ABOUT THIS EXERCISE:
In the entries below, find the line with "The Battlestars Galactica" and the line with "Jusqu’à mardi, les"; reproduce those two lines and all lines between them exactly, without pictures.

SOURCE MATERIAL:
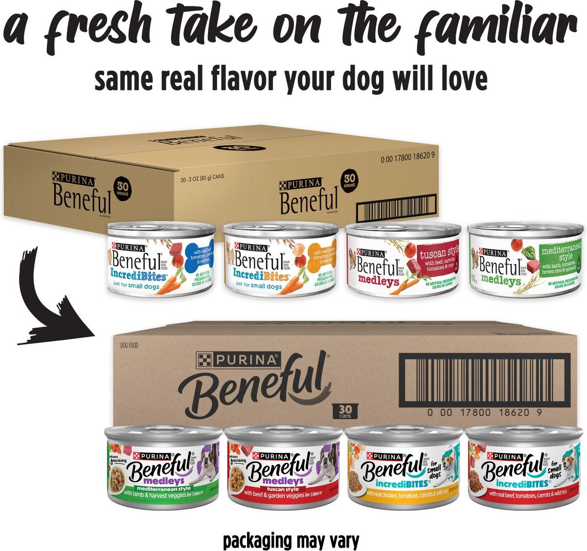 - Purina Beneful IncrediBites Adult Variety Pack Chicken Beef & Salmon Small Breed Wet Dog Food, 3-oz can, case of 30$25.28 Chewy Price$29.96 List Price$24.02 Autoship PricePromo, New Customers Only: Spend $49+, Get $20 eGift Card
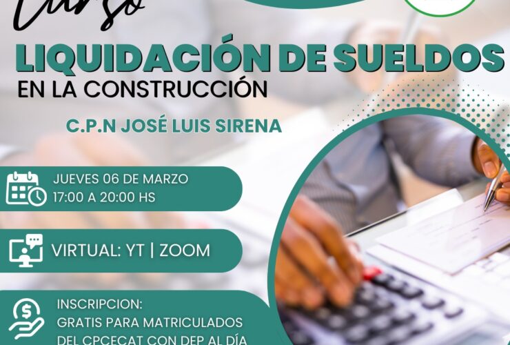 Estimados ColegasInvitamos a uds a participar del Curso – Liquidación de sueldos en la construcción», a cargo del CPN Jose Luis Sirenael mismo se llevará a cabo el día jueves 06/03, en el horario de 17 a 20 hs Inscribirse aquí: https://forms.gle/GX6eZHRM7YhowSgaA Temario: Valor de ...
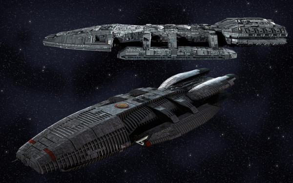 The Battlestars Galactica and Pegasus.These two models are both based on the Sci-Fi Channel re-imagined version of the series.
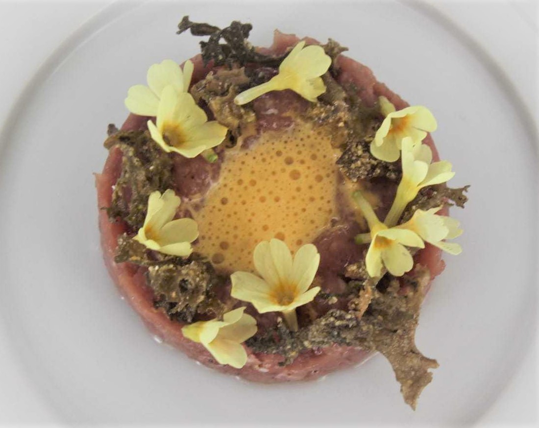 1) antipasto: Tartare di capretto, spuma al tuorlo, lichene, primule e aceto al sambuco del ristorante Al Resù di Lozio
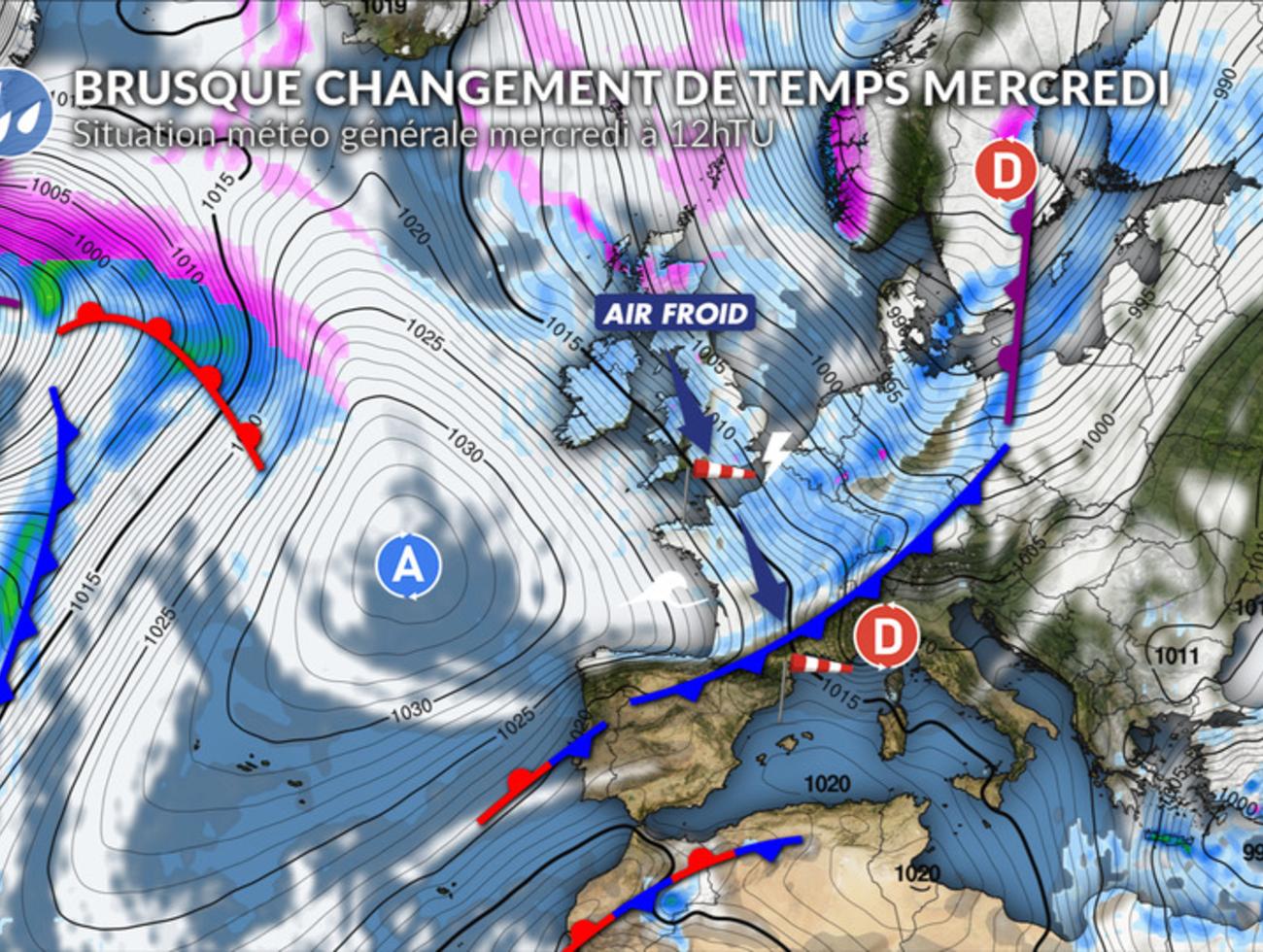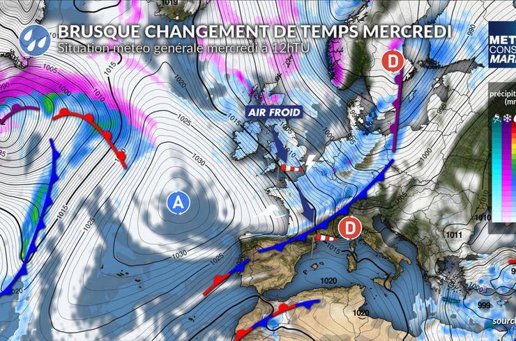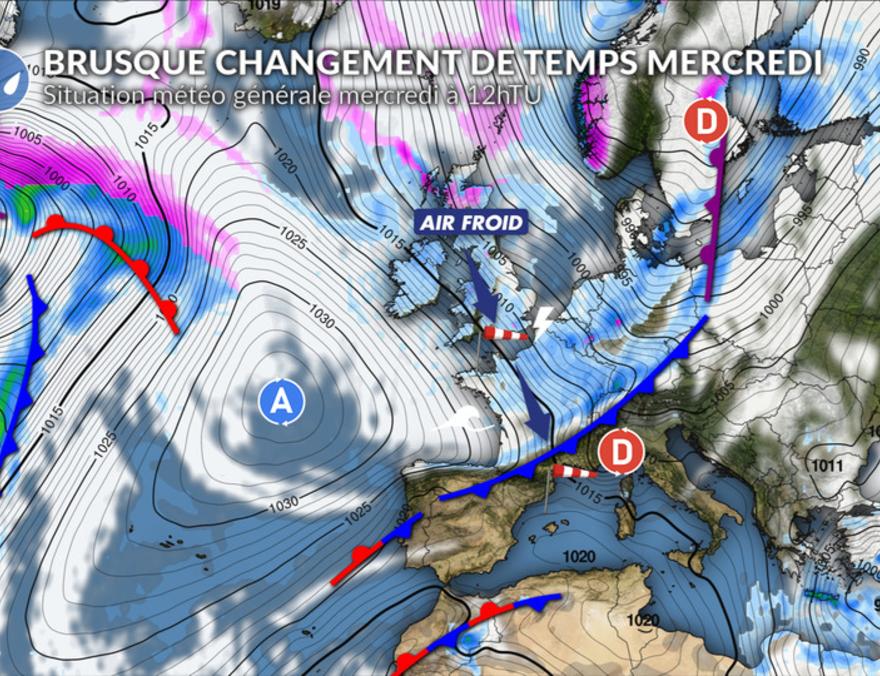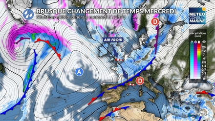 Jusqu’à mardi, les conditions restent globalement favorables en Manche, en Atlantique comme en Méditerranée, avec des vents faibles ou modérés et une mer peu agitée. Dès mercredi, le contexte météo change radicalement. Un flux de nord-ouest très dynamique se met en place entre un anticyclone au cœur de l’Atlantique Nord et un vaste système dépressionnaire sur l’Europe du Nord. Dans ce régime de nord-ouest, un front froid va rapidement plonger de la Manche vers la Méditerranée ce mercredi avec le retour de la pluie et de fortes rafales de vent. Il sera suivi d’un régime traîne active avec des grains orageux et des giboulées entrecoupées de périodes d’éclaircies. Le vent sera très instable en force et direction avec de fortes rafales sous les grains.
--
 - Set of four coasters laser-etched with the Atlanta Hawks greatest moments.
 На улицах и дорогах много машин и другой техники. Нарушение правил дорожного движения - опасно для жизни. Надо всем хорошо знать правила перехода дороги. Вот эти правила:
--
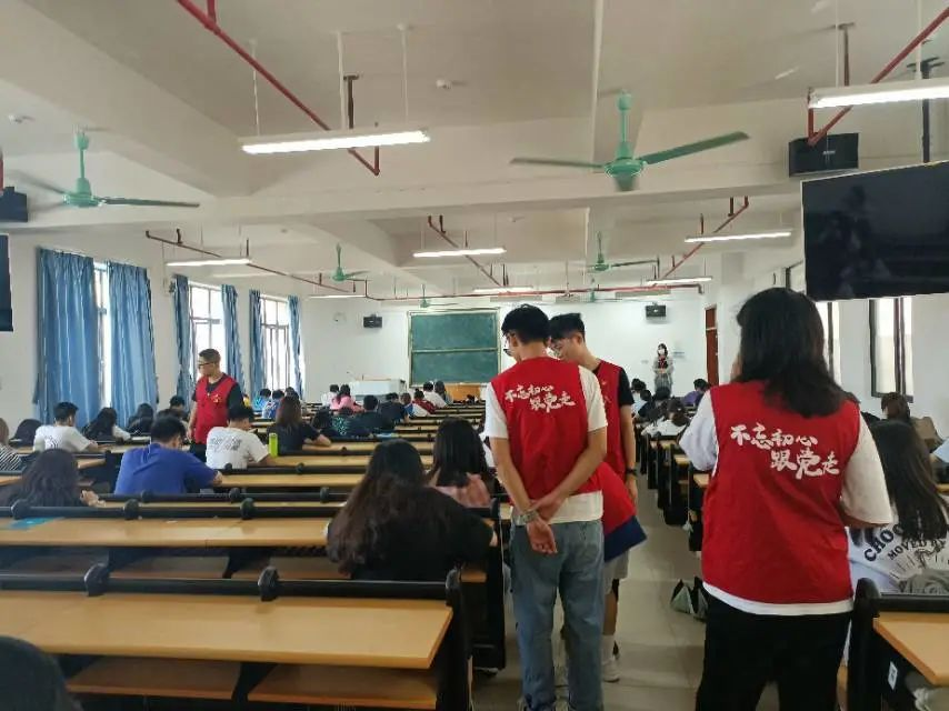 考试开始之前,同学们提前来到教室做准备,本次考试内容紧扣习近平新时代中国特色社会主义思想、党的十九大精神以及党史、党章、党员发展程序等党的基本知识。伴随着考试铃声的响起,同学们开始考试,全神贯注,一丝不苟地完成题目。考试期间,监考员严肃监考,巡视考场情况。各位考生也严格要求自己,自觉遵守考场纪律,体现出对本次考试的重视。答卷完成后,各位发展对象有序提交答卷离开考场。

SOLUTION TO THIS PROBLEM:
 The Battlestars Galactica and Pegasus.These two models are both based on the Sci-Fi Channel re-imagined version of the series.
 1) antipasto: Tartare di capretto, spuma al tuorlo, lichene, primule e aceto al sambuco del ristorante Al Resù di Lozio
 Jusqu’à mardi, les conditions restent globalement favorables en Manche, en Atlantique comme en Méditerranée, avec des vents faibles ou modérés et une mer peu agitée. Dès mercredi, le contexte météo change radicalement. Un flux de nord-ouest très dynamique se met en place entre un anticyclone au cœur de l’Atlantique Nord et un vaste système dépressionnaire sur l’Europe du Nord. Dans ce régime de nord-ouest, un front froid va rapidement plonger de la Manche vers la Méditerranée ce mercredi avec le retour de la pluie et de fortes rafales de vent. Il sera suivi d’un régime traîne active avec des grains orageux et des giboulées entrecoupées de périodes d’éclaircies. Le vent sera très instable en force et direction avec de fortes rafales sous les grains.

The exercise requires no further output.